AIM OF THE EXERCISE |
Retype the listing exactly, minus its pictures.

*** Block opens ***

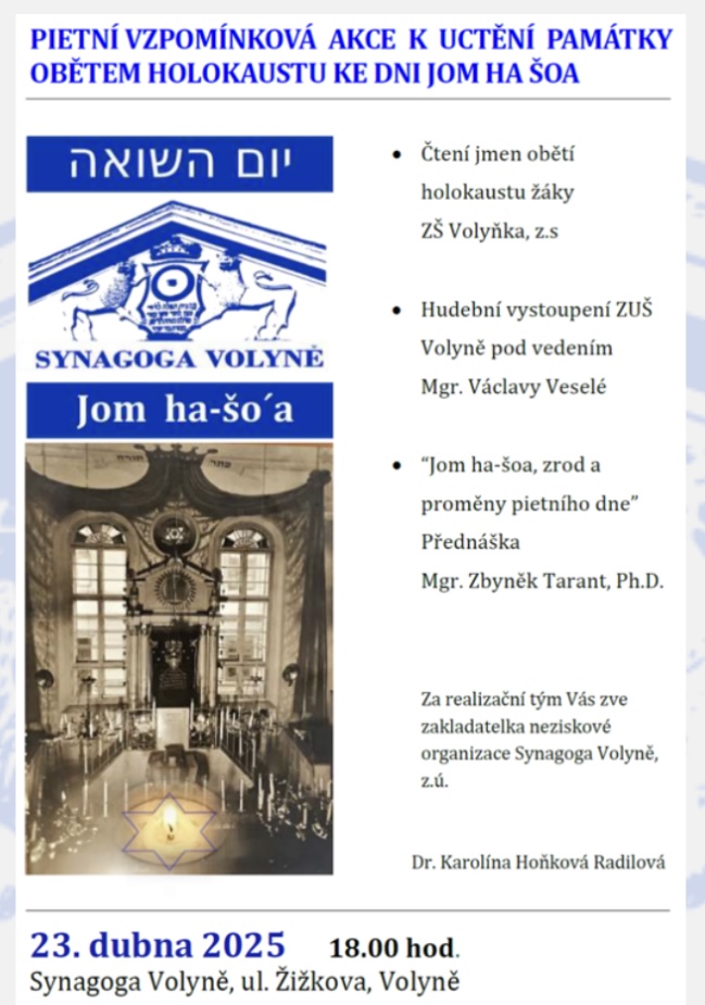 Pietní vzpomínková akce ke dni JOM HA ŠOA Místo konání: Volyně 23. 4., 1800 — 0000 Pietní vzpomínková akce k uctění památky obětem holokaustu ke dni Jom ha-šoa.
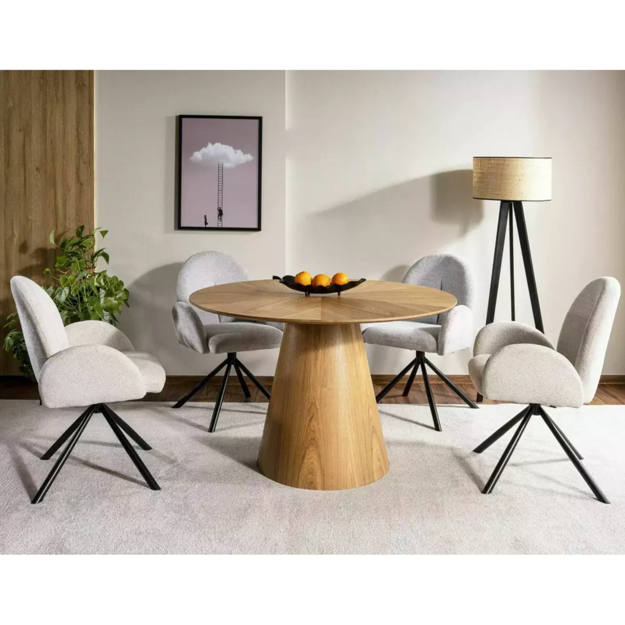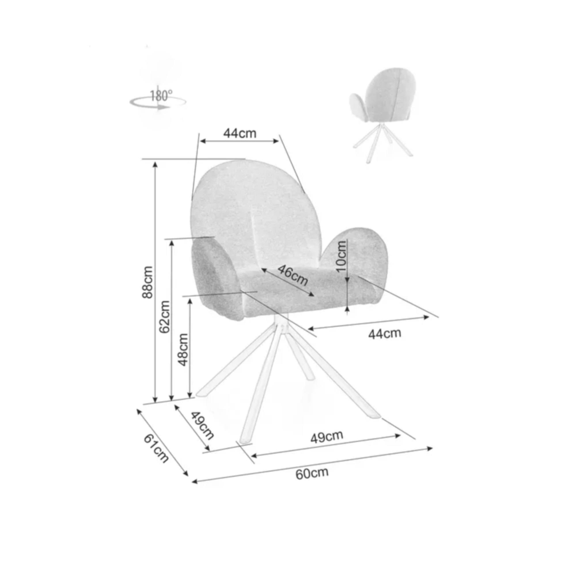 Táto stolička disponuje pevnou kovovou konštrukciou, ktorá vďačí za svoju stabilitu. Jej podnož je otočná o 180° a disponuje funkciou návratu do pôvodnej polohy. Aby sa na stoličke príjemne sedelo, je vybavená pohodlným penovým sedadlom potiahnutým tkaninou Raven.
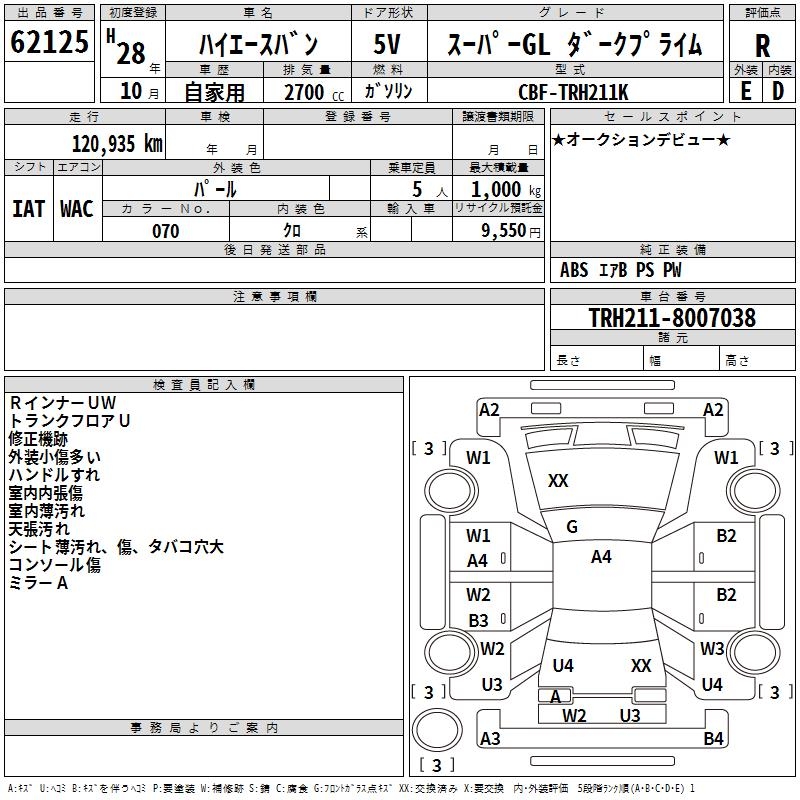 TOYOTA HIACE VAN SUPER GL DARK PRIME - лот 62125
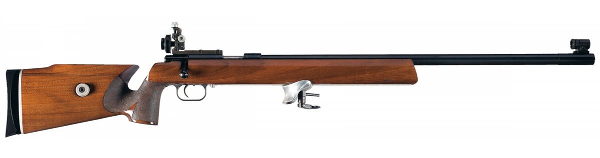 Manufactured circa 1975. Front globe sight and fully adjustable rear peep sight on a quick detachable mount. The barrel is drilled and tapped for scope blocks in two locations and the adjustable trigger is extremely light. Mounted on a walnut pistol grip stock with textured pistol grip area, forend accessory rail with aluminum hand stop/sling swivel, adjustable comb and adjustable buttplate.
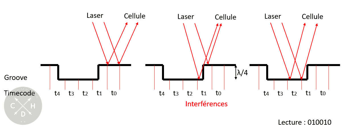 Quand le laser passe sur la surface ou le fond du pit, la réflexion est totale (on code un 0), mais quand le laser entre ou sort d’un pit, les interférences annulent le signal (on code un 1).

*** Block closes ***

RESPONSE AREA |
 Pietní vzpomínková akce ke dni JOM HA ŠOA Místo konání: Volyně 23. 4., 1800 — 0000 Pietní vzpomínková akce k uctění památky obětem holokaustu ke dni Jom ha-šoa.
 Táto stolička disponuje pevnou kovovou konštrukciou, ktorá vďačí za svoju stabilitu. Jej podnož je otočná o 180° a disponuje funkciou návratu do pôvodnej polohy. Aby sa na stoličke príjemne sedelo, je vybavená pohodlným penovým sedadlom potiahnutým tkaninou Raven.
 TOYOTA HIACE VAN SUPER GL DARK PRIME - лот 62125
 Manufactured circa 1975. Front globe sight and fully adjustable rear peep sight on a quick detachable mount. The barrel is drilled and tapped for scope blocks in two locations and the adjustable trigger is extremely light. Mounted on a walnut pistol grip stock with textured pistol grip area, forend accessory rail with aluminum hand stop/sling swivel, adjustable comb and adjustable buttplate.
 Quand le laser passe sur la surface ou le fond du pit, la réflexion est totale (on code un 0), mais quand le laser entre ou sort d’un pit, les interférences annulent le signal (on code un 1).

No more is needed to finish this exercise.